North Carolina Administrative Code
Title 26 - Administrative Hearings
Chapter 03 - Hearings Division
26 NCAC 03 .0111 - CONSOLIDATION OF CASES

26 NCAC 03 .0111 CONSOLIDATION OF CASES

(a) The Chief Administrative Law Judge of the Office of Administrative Hearings may order a joint hearing of any matters at issue in contested cases involving common questions of law or fact or multiple proceedings involving the same or related parties, or may order the cases consolidated or make other orders to reduce costs or delay in the proceedings.

(b) A party requesting consolidation shall serve a petition for consolidation on all parties to the cases to be consolidated and shall file the original with the Office of Administrative Hearings, together with a Certificate of Service showing service on all parties as herein required. Any party objecting to the petition shall serve and file his objections within 10 days after service of the petition for consolidation.

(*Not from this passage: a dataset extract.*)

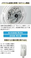 羽根を前後2重構造にした「Wファン」採用で、パワフルな風を生み出します。1枚羽根の場合と比べて風速は約35%UP!約14m先に風を送り、約21畳のお部屋を快適にします。

(c) Upon determining whether cases should be consolidated, the Chief Administrative Law Judge shall serve a written order on all parties which contains a description of the cases for consolidation and the reasons for the decision.

(d) Nothing contained in this Rule shall be deemed to prohibit the parties from stipulating and agreeing to a consolidation which shall be granted upon submission of a written stipulation signed by all the parties to the Chief Administrative Law Judge.

(e) Following receipt of a notice of or order for consolidation, any party may petition for severance by serving it on all other parties and filing it with the Office of Administrative Hearings at least seven days prior to the first scheduled hearing date. If the Chief Administrative Law Judge finds that the consolidation will prejudice any party, he shall order the severance or other relief which will prevent the prejudice from occurring.



History Note: Authority G.S. 150B-23; 150B-31;

Eff. August 1, 1986;

Amended Eff. January 1, 1987; September 1, 1986;

Pursuant to G.S. 150B-21.3A, rule is necessary without substantive public interest Eff. July 23, 2016.